Evolución, medición y seguimiento de estrategias socialmente responsables
En sus inicios, las estrategias ISR se focalizaron solamente en la exclusión de ciertas compañías o sectores de sus universos de inversión debido, principalmente, a que su negocio está relacionado con actividades como, por ejemplo, tabaco, armamento o negocios vinculados al juego. El siguiente paso fue la inclusión de factores extrafinancieros a la hora de definir sus universos y procesos de inversión como, por ejemplo, la consideración de factores ASG (ambientales, sociales y de gobierno corporativo) con el objetivo de lograr metas financieras a largo plazo.
La última tendencia por parte de la comunidad inversora en el momento de definir sus marcos de actuación en materia ASG ha sido incluir las inversiones de impacto, las cuales tienen en cuenta no solo los indicadores económicos y financieros, sino también el impacto social y/o medioambiental de la empresa en la sociedad. El principal catalizador de dichas estrategias es la Agenda 2030 de Desarrollo Sostenible aprobada por las Naciones Unidas en 2015. La Agenda incluye 17 Objetivos de Desarrollo Sostenible (ODS) a través de los cuales se propone abordar los grandes retos globales: desde la lucha contra la pobreza o el cambio climático hasta la educación, la salud, la igualdad de género, la paz o las ciudades sostenibles. Cada ODS incluye diferentes metas, en total 169, que contribuyen al cumplimiento del objetivo.
En este entorno, más allá de los criterios financieros tradicionales, el desafío al que nos enfrentamos es evaluar la contribución de las compañías a cada ODS. A diferencia de las estrategias que tienen en cuenta métricas ASG como, por ejemplo, el cálculo de la huella hídrica y la huella de carbono por el lado ambiental, las horas de formación o rotación de empleados en el pilar social, en las inversiones de impacto estos factores, aunque importantes, no son determinantes a la hora de invertir. La inversión de impacto va más allá y lo que verdaderamente determina la inversión es si las ventas de los productos y servicios ofrecidos por las compañías ayudan a abordar o a generar un impacto positivo en los 17 Objetivos de Desarrollo Sostenible.

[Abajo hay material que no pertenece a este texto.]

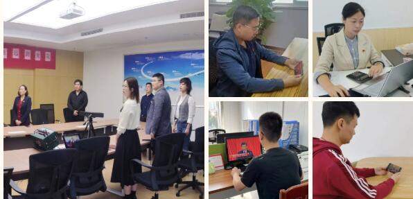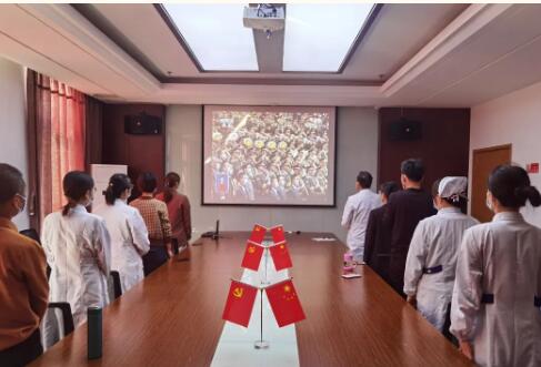 朗高养老及各机构党支部成员、职工、长者党员、长者代表认真观看大会现场直播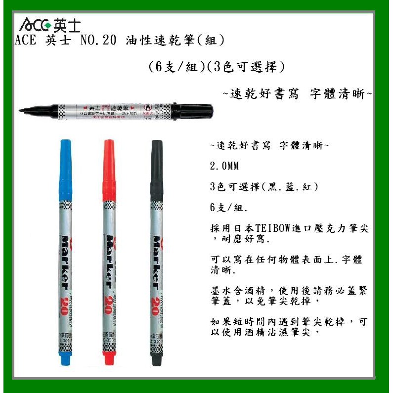 ACE 英士 NO.20 油性速乾筆(組)(3支/組)(3色可選擇)~速乾好書寫 字體清晰~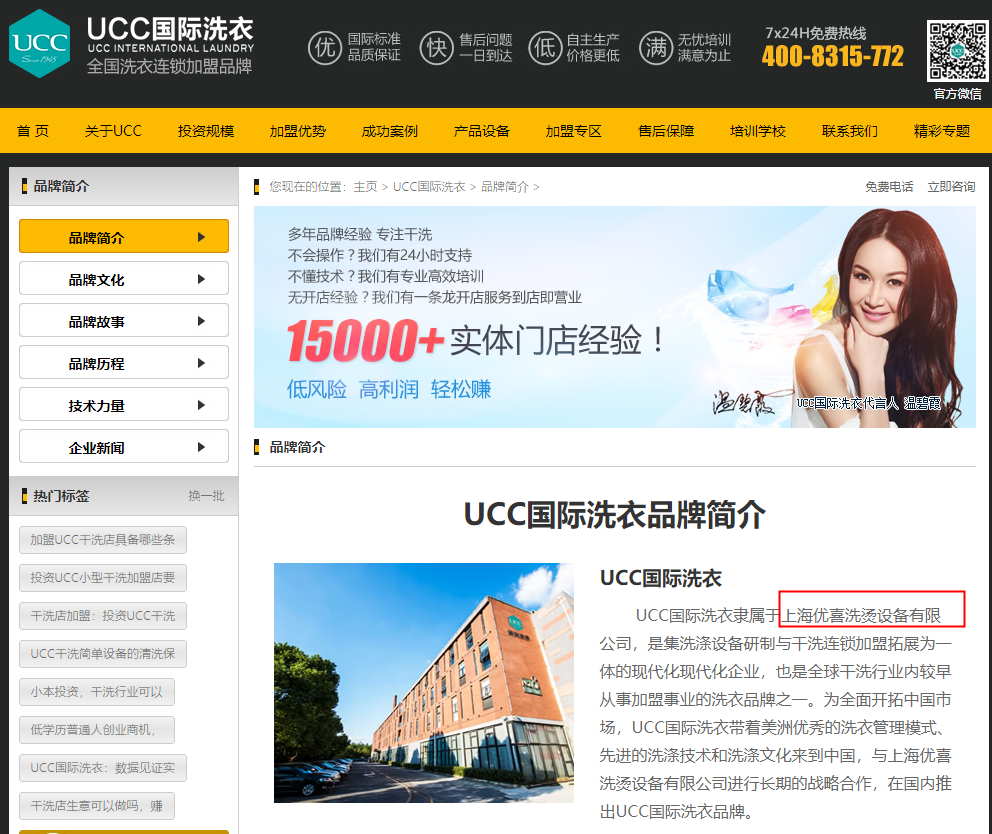 UCC官网首页品牌简介栏目下的文章声称:UCC国际洗衣隶属于上海优喜洗烫设备有限公司。而在中国商标网平台上却并没有检索到相关结果,再经查询得知商标注册是上海云端洗烫设备有限公司。目前UCC所有商标都已从上海优 ...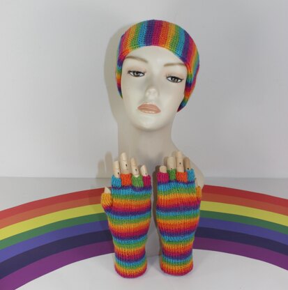 Rainbow 4ply Short Finger Gloves & Headband Circular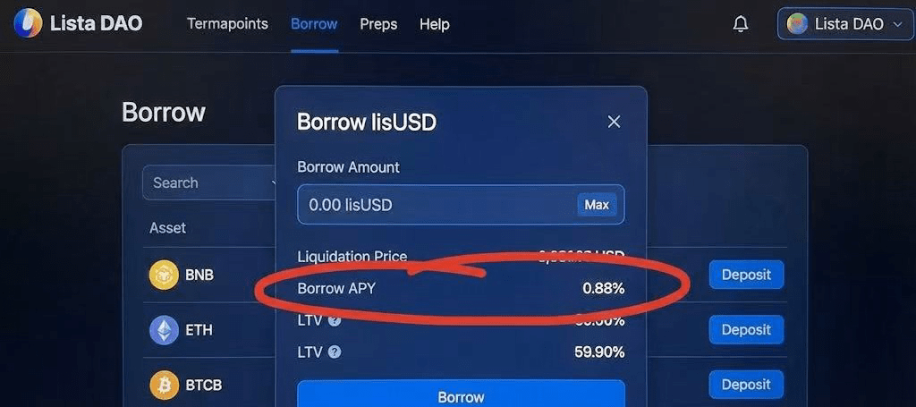 Po wpłaceniu aktywów możemy już "pożyczyć pieniądze". Pożyczamy stablecoin lisUSD (USD1) od Lista DAO.

Es decir, una empresa de exploración de petróleo líder en inversión y con rigurosos mecanismos de control para minimizar el impacto en el medioambiente no debería considerarse como inversión de impacto. Si bien respecto a sus competidores del sector sea un ejemplo de empresa “best in class”, lo que definimos como empresas líderes en su sector en términos de cumplimiento de criterios ambientales, sociales y de gobernanza corporativa, no podemos clasificarla como una empresa de impacto positivo porque, independientemente de sus buenas prácticas en materia ASG, sus ingresos se derivan de la extracción de combustibles fósiles. Por tanto, cuando hablamos de inversión de impacto es de vital importancia determinar si el modelo de negocio genera un impacto positivo o negativo en la sociedad o en el medioambiente.
En tales circunstancias, la medición del impacto es clave y es uno de los mayores retos a los que nos enfrentamos por la dificultad de cuantificar dicho impacto y por la falta de criterios homogéneos en la industria. Por eso, históricamente, las inversiones de impacto se realizaban únicamente a través de aportaciones de capital en empresas no cotizadas con proyectos sociales o medioambientales bien definidos y estructurados. Sin embargo, cada vez es más común que aparezcan opciones dentro de mercados cotizados que permiten escalar este tipo de inversiones mediante emisiones de deuda sostenible o fondos de impacto.
Ante esta tendencia, la comunidad inversora tiene el reto de promover la transparencia y seguir potenciando el engagement con el fin de que las empresas se comprometan con los ODS y, así, satisfacer las expectativas de los inversores comprometidos con el cambio.